Tears For Fears’ Einflüsse vereinten avantgardistische Visionen mit Mainstream-kompatiblen Pop, ihnen selbst fiel es anfangs allerdings schwer, vergleichbare Erfolge zu erzielen. Nach The Hurting kündigte das Duo an, den „Planeten Sylvian“ in Richtung „Planet Rock“ zu verlassen. Damit spielten sie auf David Sylvian an, den Sänger der britischen Art Pop-Band Japan. Dabei hatten doch Japan bereits bewiesen, dass sich selbst mit absolut schräger Musik noch ein Charterfolg landen ließ.

Das Stück Ghosts vom Japan-Album vom Album Tin Drum wurde zu einem Überraschungserfolg, obwohl es auf kaum mehr als ein bisschen Synthie-Geblubber und gelegentlichen Marimba-Einsätzen basierte. Dagegen wirkt der Sound von Music From The Big Chair geradezu maximalistisch. Aber Tears For Fears hatten auch ein anderes Anliegen als der intellektuelle Sylvian.


8. Radiohead – Creep

Was Tears For Fears stets auszeichnete, war die emotionale Qualität ihrer Musik. Selbst wenn sie sich musikalischen Experimenten widmeten, sprach die Musik doch noch aus vollem Herzen. Über die Jahrzehnte haben sie sich als Band entzweit und wieder zusammengefunden, ihr Interesse an aufregenden Sounds hat allerdings nie nachgelassen. Radiohead waren ein direktes Resultat der aufregenden neuen Pop-Musik der achtziger Jahre und trieben das Programm der Art- und Synth-Pop-Bands seitdem nur noch weiter.

Der Einfluss der Band um Thom Yorke erstreckt sich allerdings auch auf die Helden von damals. Schon 1995 veröffentlichte Orzabal auf der B-Seite ihrer Single Raoul And The Kings Of Spain vom gleichnamigen Album eine Live-Version des Radiohead-Klassikers Creep aus dem Jahr 1992. Heutzutage singt das Duo die Außenseiterhymne immer noch auf Konzerten. Nur logisch, schließlich ist das Stück ebenso laut und eindringlich wie Tears For Fears in ihren besten Momenten.


9. Animal Collective – My Girls

Als sich Tears For Fears im August 2013 nach fast zehnjähriger Veröffentlichungsabstinenz zurückmeldeten, überraschten sie die Weltöffentlichkeit mit gleich drei Coverversionen. Neben Arcade Fires Ready To Start und Hot Chips Boy From School nahmen sie sich auch My Girls der US-amerikanischen Band Animal Collective an. Das Trio, das für den Song die ikonische Sequenz aus Frankie Knuckles’ und Jamie Principles unsterblicher House-Hymne Your Love nachgebaut hatte, muss Orzabal und Smith unweigerlich an ihre Anfangstage erinnert haben.
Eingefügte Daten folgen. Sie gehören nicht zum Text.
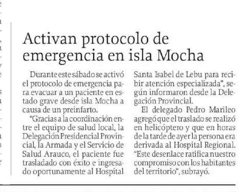 Activan protocolo de emergencia en isla Mocha
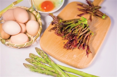 家里的椿芽做法简单,最常做的就是椿芽煎蛋。有着特殊香味的椿芽遇上厨房常客鸡蛋,便能散发出诱人的滋味。奶奶做时会加一勺猪油,让这道菜的味道更加醇厚。有时,她还会别出心裁地切一只青椒放进去,让香椿煎蛋的味道更加丰富。就这样,一道简单的椿芽煎蛋就成为每个春天最让人怀念的味道,奶奶也靠着一道椿芽煎蛋让在外的子孙们回忆满满、常常思念。

Angesiedelt zwischen tanzbarer elektronischer Musik und hymnischem Rock folgte My Girls schließlich dem Erfolgsrezept, das Tears For Fears zu einer der größten Bands der Achtziger gemacht hatte. Und dass der Originalsong mit seinen psychedelischen Gesangsharmonien den beiden Musikern viel Raum ließ, um ihre Qualitäten als Sänger zu beweisen, dürfte sie ebenfalls gereizt haben. Und wenn zwischendrin ein urschreiähnliches „Whoo!“ drin ist, umso mehr.


10. Gary Jules – Mad World

Einer der eindringlichsten Tears For Fears-Songs ist ohne Frage Mad World. Es war die erste Single des jungen Duos, das es in die britischen Charts schafft – ein echter Überraschungserfolg angesichts der mehr als deprimierenden Lyrics und der künstlerischen Freiheiten, welche sie die beiden in der Produktion des Stücks erlaubt hatten!

Mad World entwickelte ein spannendes Eigenleben, als es 2001 auf dem Soundtrack des Indie-Films Donnie Darko zu hören war. Die Coverversion von Gary Jules und Michael Andrews nahm das Tempo aus dem treibenden Synth Pop-Stück und verwandelte es in eine getragene Klavier-Ballade. Eine Version, die selbst Smith als im Vergleich mit dem Original „den Lyrics viel angemessener“ bezeichnete. „Es sagt viel über die englische Psyche aus, dass die Gary Jules-Version ein Weihnachtshit wurde“, spöttelte er.